Adaptations in warmer climates

Answer 52

-Have larger extremities (thin with a rich blood supply), eg. ears to increase energy transferred to the environment; elephants.
-Some can’t cool down enough to maintain a steady internal temperature and so can tolerate much larger fluctuations in body temperatures, eg. camels (also store water but do not sweat- saves water, but don’t have a major way of cooling down).
-Have countercurrent exchange system which helps to cool organs- mainly the brain.
–> Thermal energy is transferred from arterial blood to venous blood as they run close together.

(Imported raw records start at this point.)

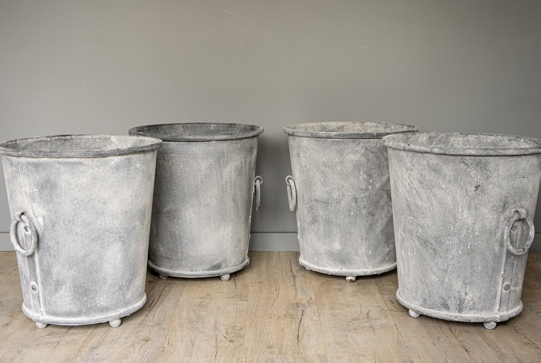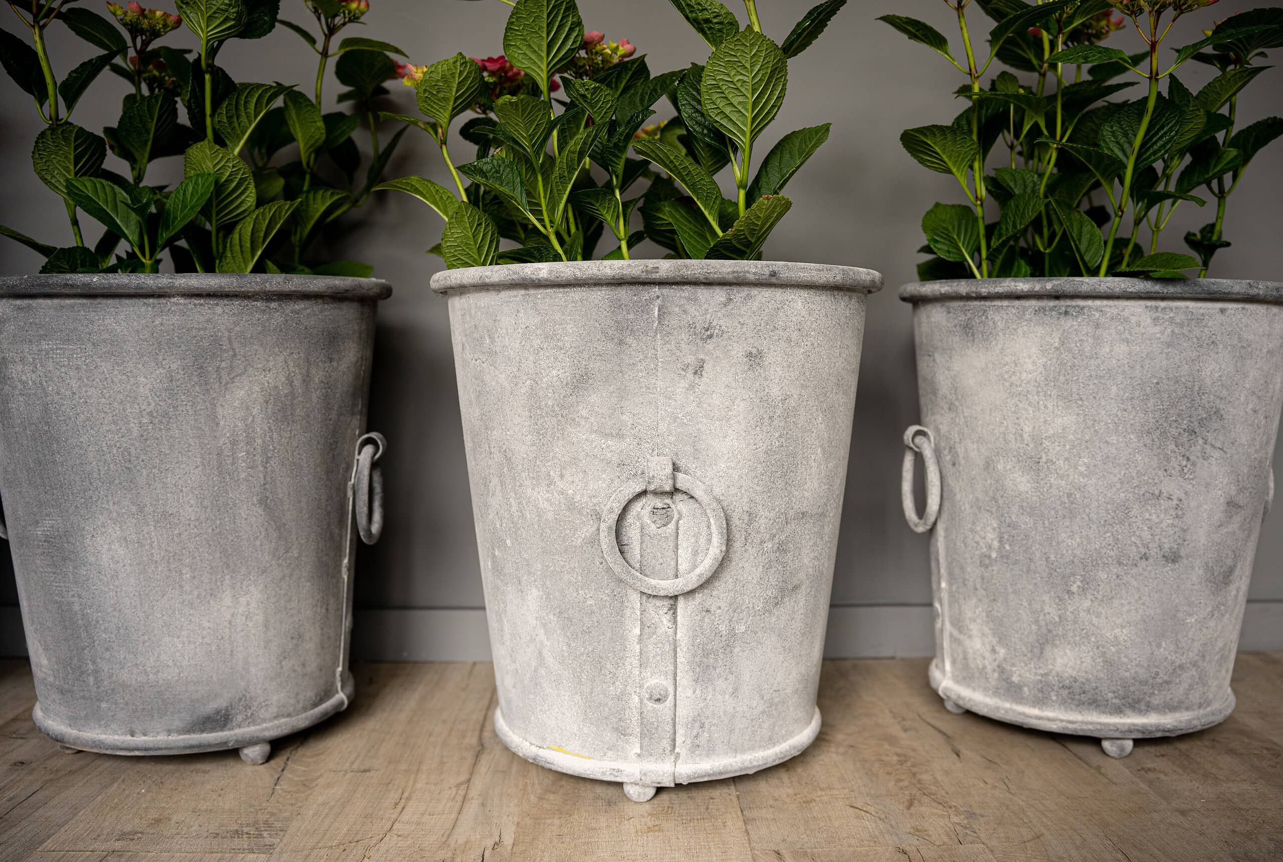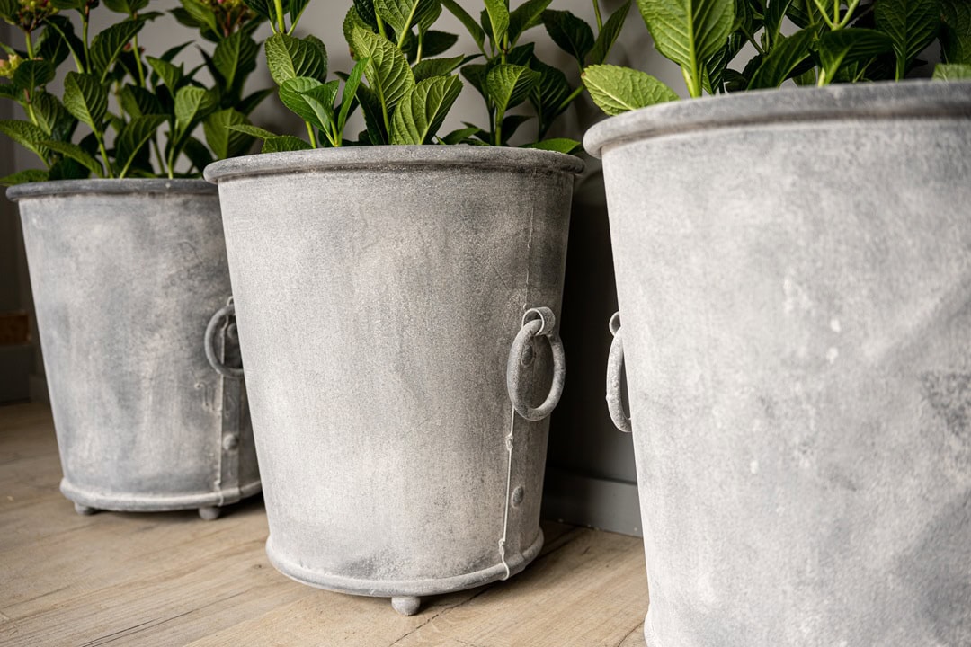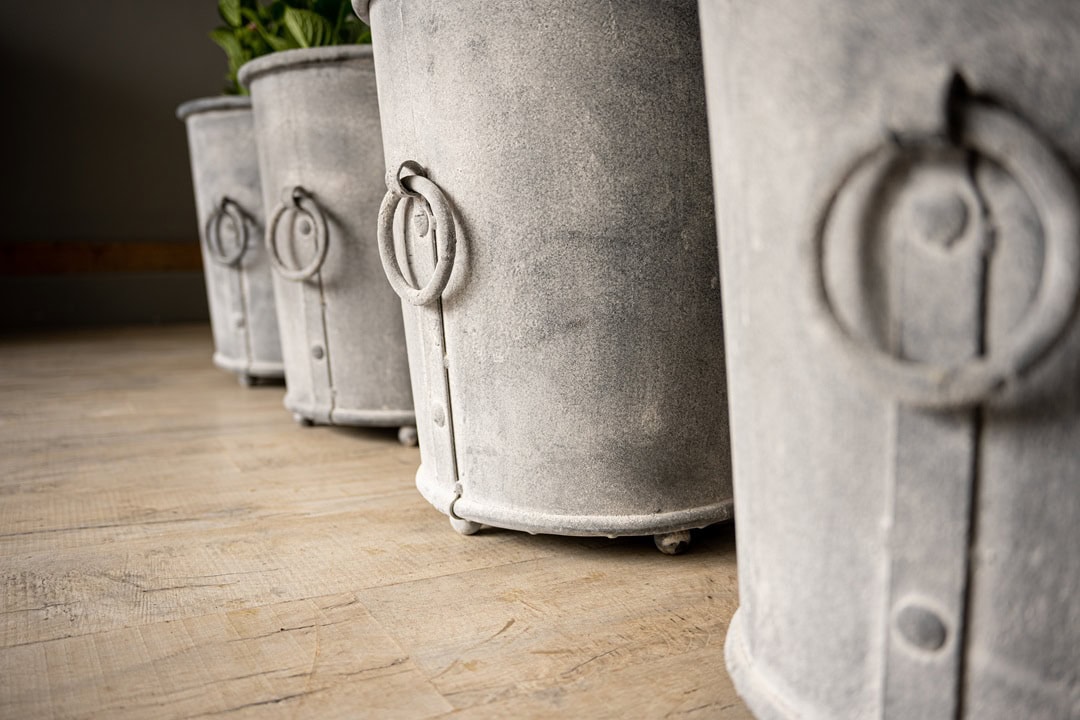 These solid and robust galvanized troughs and planters are a standout addition to our collection. Although we seldom stock new items, we couldn’t resist the appealing design and sturdy build of these riveted planters. Versatile in use, they make excellent decorative garden planters or vegetable pots. Additionally, they can serve as log baskets or be used indoors for decorative displays. Featuring large ring handles and rivets along the body, this charming set of these vintage style planters is perfect for enhancing any garden.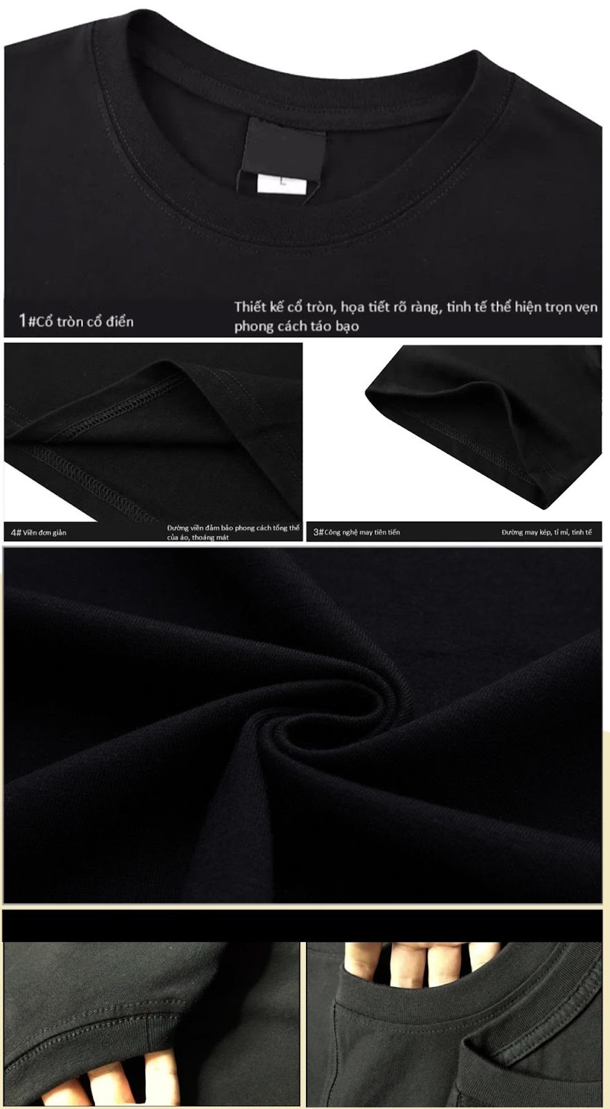 - Thông số kĩ thuật : Áo thun cố tròn, tay 3/4, dáng rộng / Áo hoodie và khoác mũ trùm 1 lớp, vải nỉ, túi ốp ngoài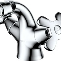 Назначение: для умывальника • Конструкция: двухрычажный • Монтаж: горизонтальный • Клапан: керамический • Материал: латунь, покрытие - хром • Подводка: гибкая • Монтажные отверстия: 1 отверстие • Форма излива: традиционная • Душевая лейка в комплекте: нет • Аэратор: есть • Донный клапан в комплекте: есть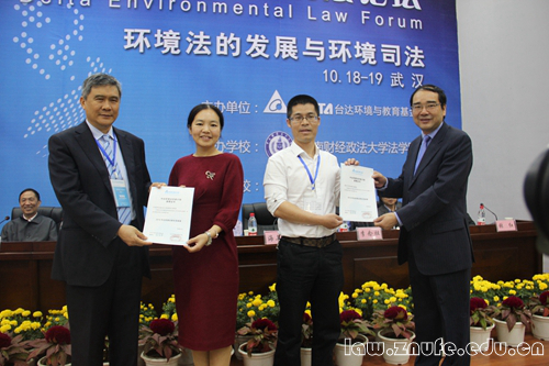 在以往的三届中达环境论坛上,共奖励“中达环境法学者”2位,“中达环境论坛青年学者奖”8位,颁发“优秀学位论文奖”9人次。青年学者奖两岸每年评选2名,我校高利红教授和温州大学钭晓东教授为今年该奖的获得者。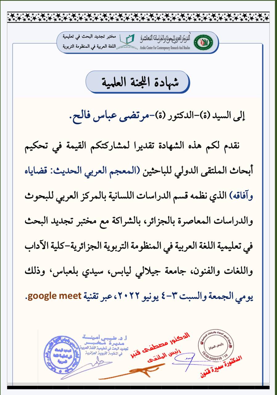 The teacher at the Faculty of Education for Human Sciences (Prof. Dr. Mortada Abbas Faleh) received a certificate of appreciation from the State of Algeria; For his participation in the scientific committee for the arbitration of the research of the International Forum of Researchers (The Modern Arabic Dictionary: Its Issues and Prospects), which was organized by the Linguistic Studies Department of the Arab Center for Research and Contemporary Studies in Algeria in partnership with the Research Renewal Laboratory in Teaching Arabic in the Algerian Educational System - Faculty of Arts, Languages and Arts, Jilali University wearable.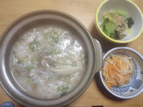 雑炊、茹で小松菜、なます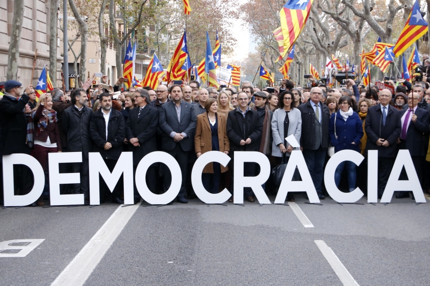 I, per descomptat, en els darrers mesos hem comprovat com els drets i les llibertats han sigut també vulnerades de forma flagrant aquí, a Catalunya. Hem sigut testimonis de l'acció repressiva d'un estat demofòbic que, per aturar la voluntat de decidir d'un país, ha recorregut al menysteniment de drets fonamentals com el d'expressió, el de reunió o el de la llibertat d'informació. Un estat que no ha dubtat en trepitjar sense contemplacions els drets civils i polítics, individuals i col·lectius, d'una part de la seva població amb l'única intenció de castigar-la per haver gosat tenir uns objectius polítics que, simplement, reclamen més justícia, més democràcia i més progrés social.

Cooled arterial blood supplied to the brain.

Question 53

Behavioural control in warmer climates

Answer 53

-Sheltering: shelter from direct warmth of sun in burrows, holes etc. Attempt extra cooling by conduction, pressing the body against cool earth.
-Basking: animals will bask in the sun when body temperature is tending to fall (eg. desert lizards). Special tissue can be erected to absorb more radiation from the sun.
-Evaporation: panting exposes the moist tissues in the mouth.

Question 54

The Cape trough squirrel adaptations

Answer 54

-It has a flattened tail to keep its body shaded from direct sunlight.
-This keeps the body temperature down so that it can feed for long periods of the day.